* _Your assignment_
Images appear in the records below; leave them out and repeat everything else exactly.
--
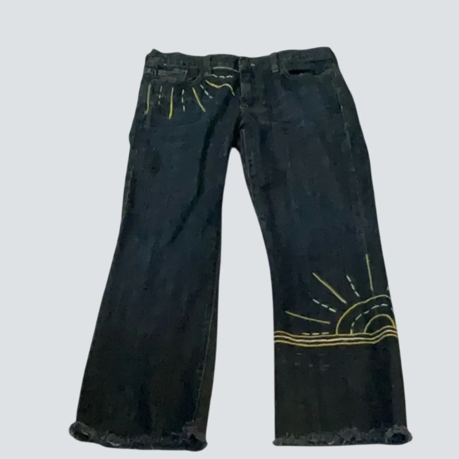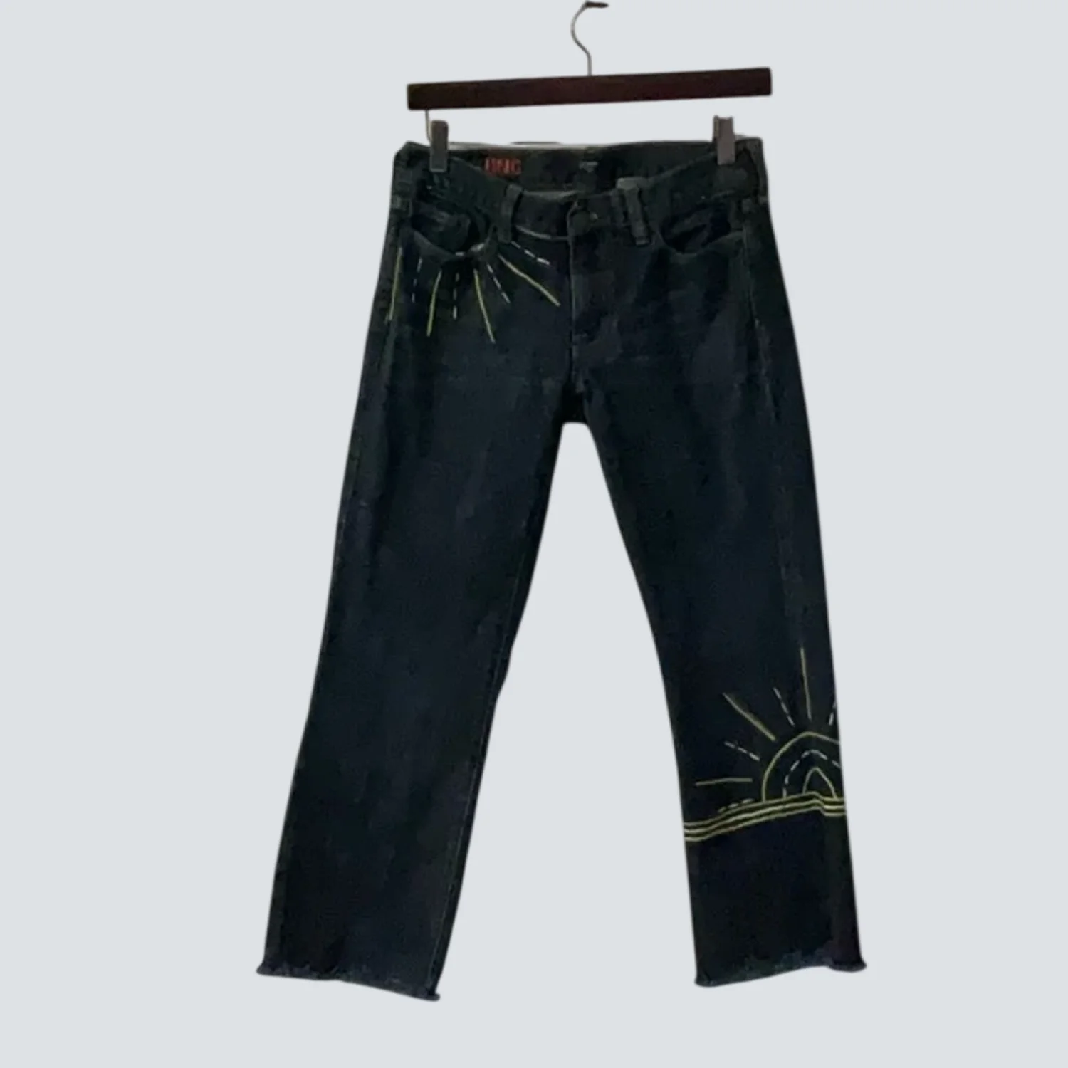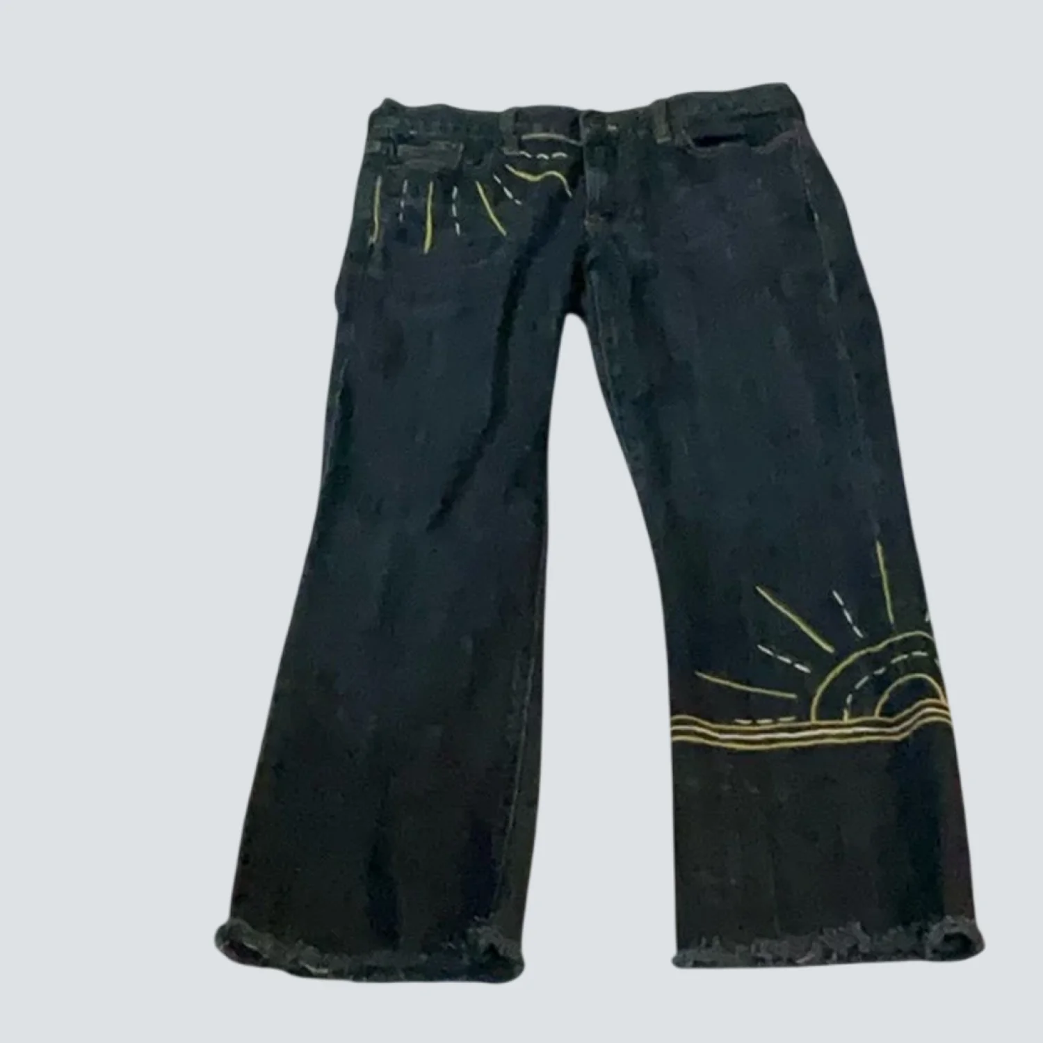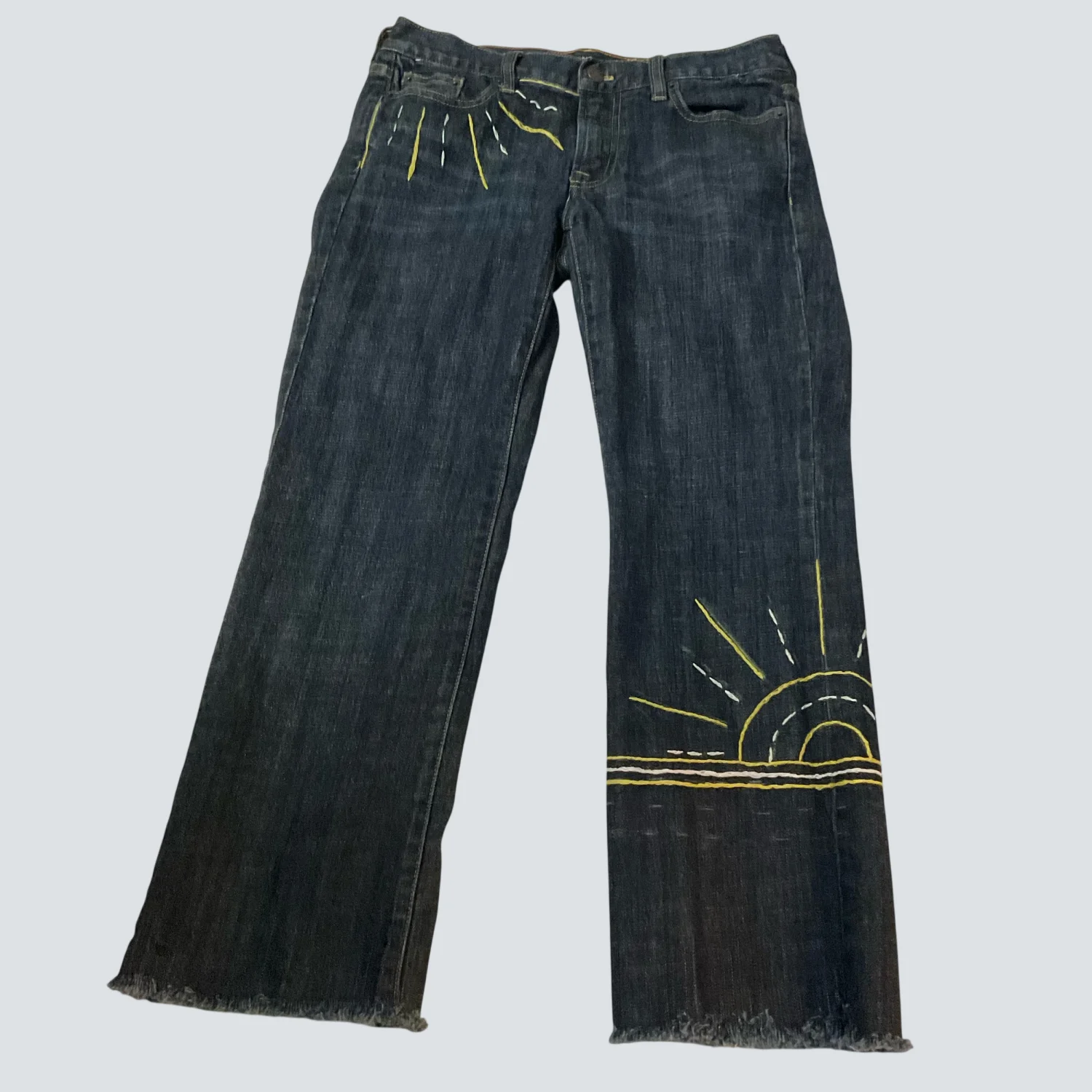 Style: Hip-slung Embroidered Capri jean Color: Blue/Yellow Size: 28S Waist; 14" Rise: 10" Inseam: 24" Condition: Good 98% Cotton 2% Spandex Machine wash cold
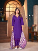 Stylum Women's Violet Solid & Embroidered Silk Blend Straight Kurta Pant Dupatta Set (KPDVOILMINATI)
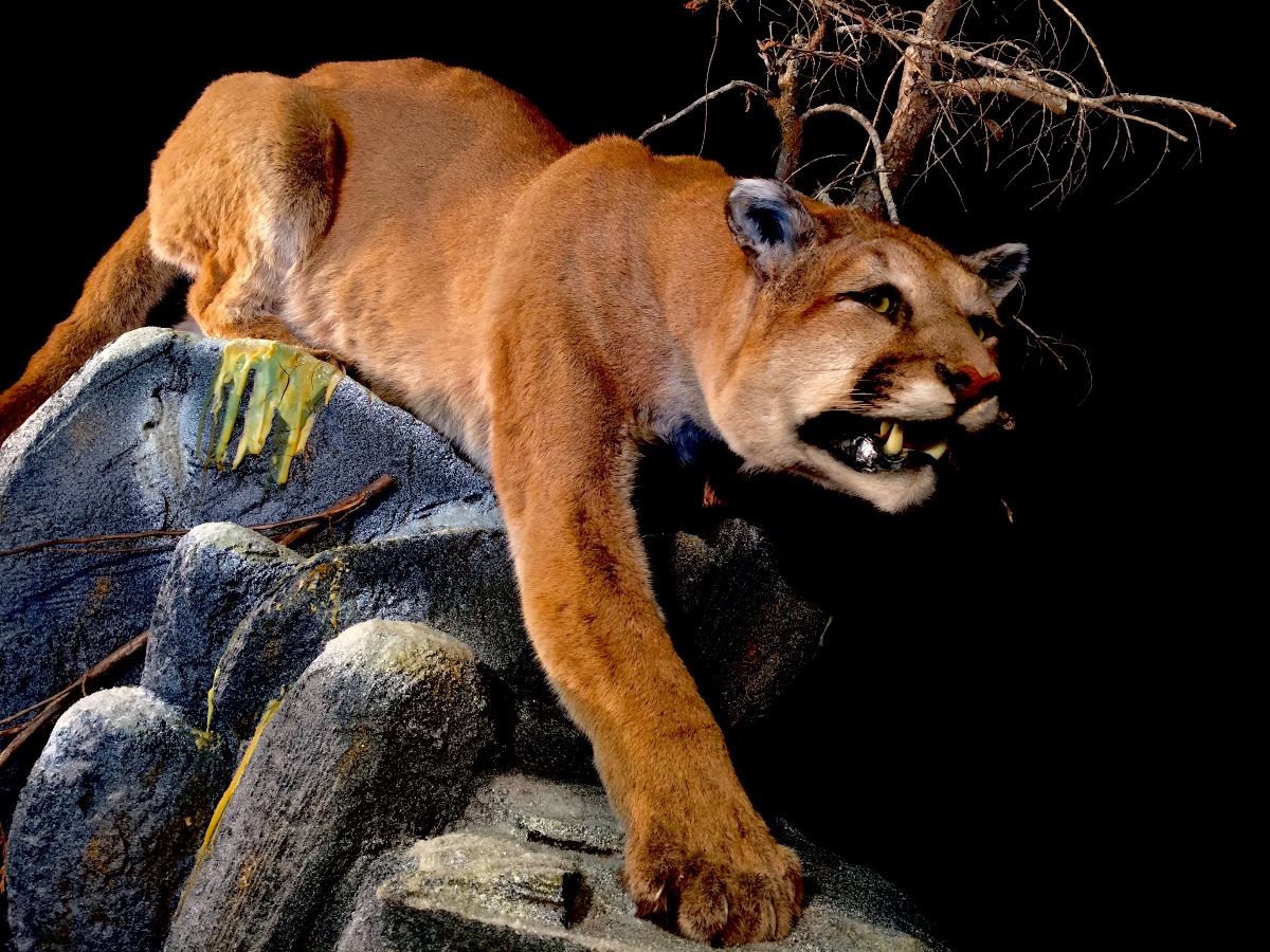 Lot 95 SPECTACULAR MOUNTAIN LION (PUMA CONCOLOR) FULL BODY MOUNT, 55'' LONG, 50'' HIGH FROM BASE
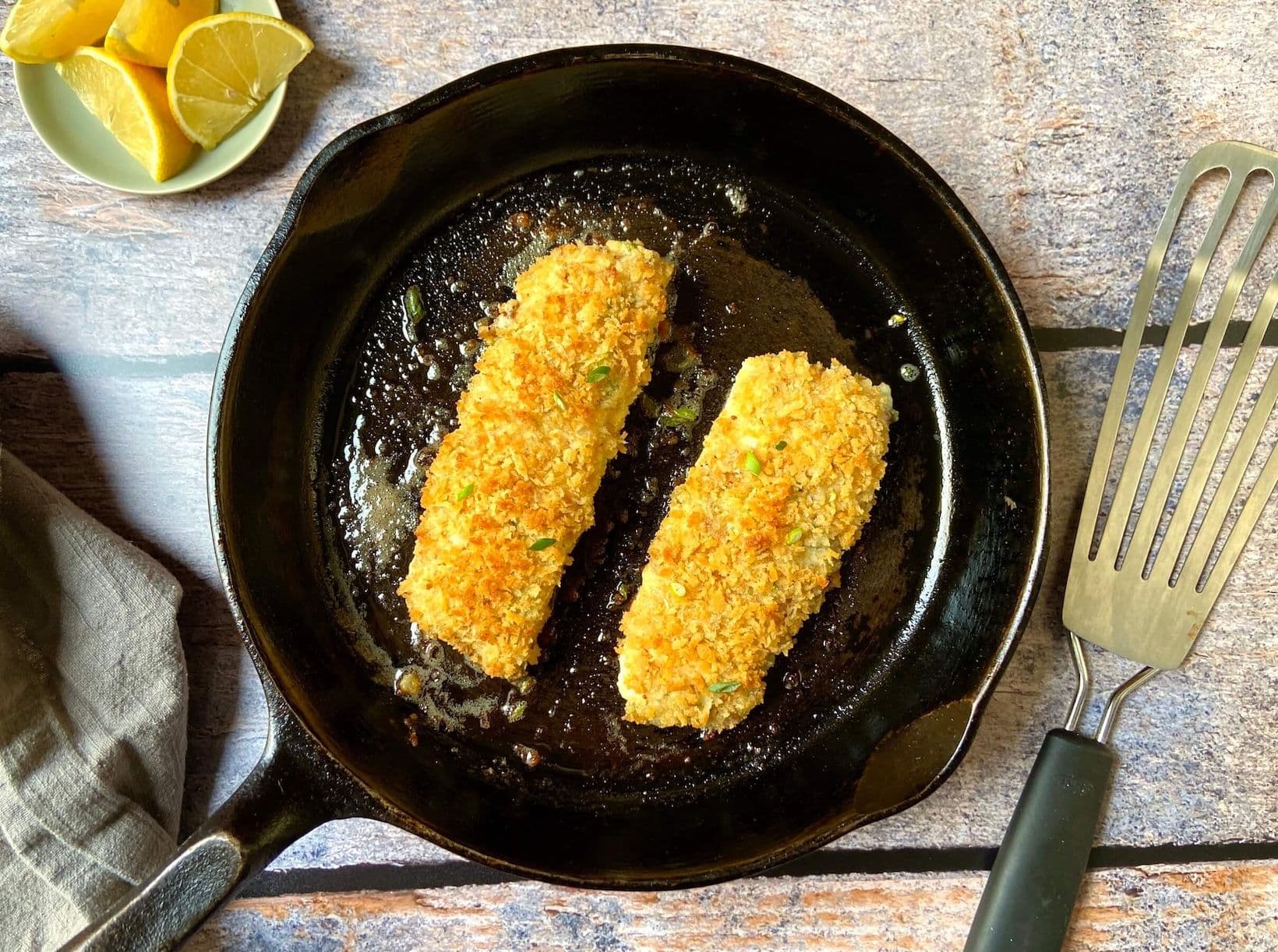 Meanwhile, in a medium cast-iron skillet over medium heat, melt 2 tablespoons of the butter. Add the panko and cook, stirring constantly, until lightly browned, 3 to 4 minutes. Season with a pinch of salt and transfer to a plate to cool. Wipe out the skillet and set aside.
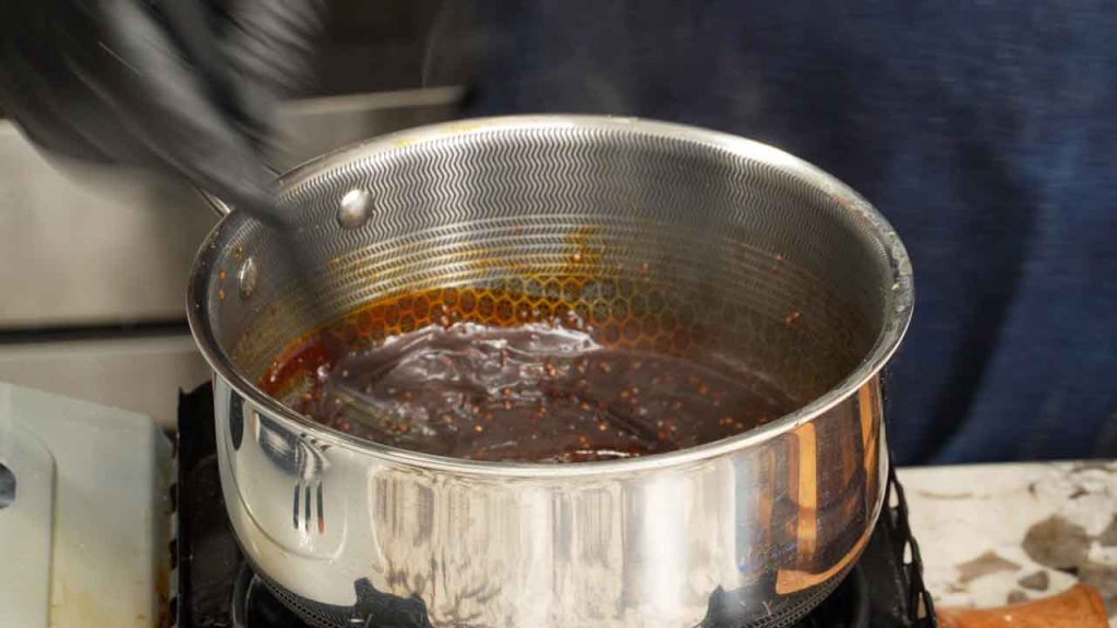Once the sauce reaches a gentle boil, slowly pour in the slurry while stirring constantly. Continue to cook for 2–3 minutes until the sauce thickens. If the sauce becomes too thick, add a small splash of apple cider vinegar to balance and loosen the texture.
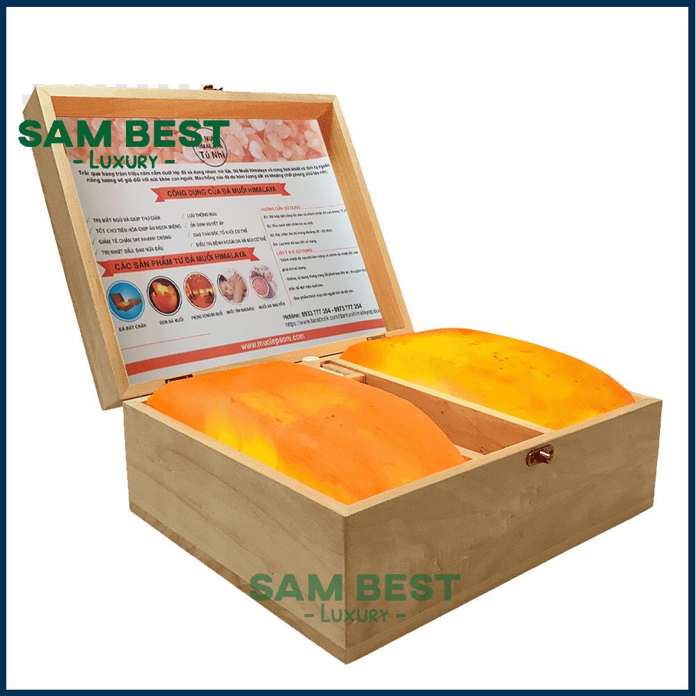 - Bộ sản phẩm gồm: 1 hộp đèn đá muối + 2 viên đá muối mặt cong massage chân
--
* _Answer section_
 Style: Hip-slung Embroidered Capri jean Color: Blue/Yellow Size: 28S Waist; 14" Rise: 10" Inseam: 24" Condition: Good 98% Cotton 2% Spandex Machine wash cold
 Stylum Women's Violet Solid & Embroidered Silk Blend Straight Kurta Pant Dupatta Set (KPDVOILMINATI)
 Lot 95 SPECTACULAR MOUNTAIN LION (PUMA CONCOLOR) FULL BODY MOUNT, 55'' LONG, 50'' HIGH FROM BASE
 Meanwhile, in a medium cast-iron skillet over medium heat, melt 2 tablespoons of the butter. Add the panko and cook, stirring constantly, until lightly browned, 3 to 4 minutes. Season with a pinch of salt and transfer to a plate to cool. Wipe out the skillet and set aside.
Once the sauce reaches a gentle boil, slowly pour in the slurry while stirring constantly. Continue to cook for 2–3 minutes until the sauce thickens. If the sauce becomes too thick, add a small splash of apple cider vinegar to balance and loosen the texture.
 - Bộ sản phẩm gồm: 1 hộp đèn đá muối + 2 viên đá muối mặt cong massage chân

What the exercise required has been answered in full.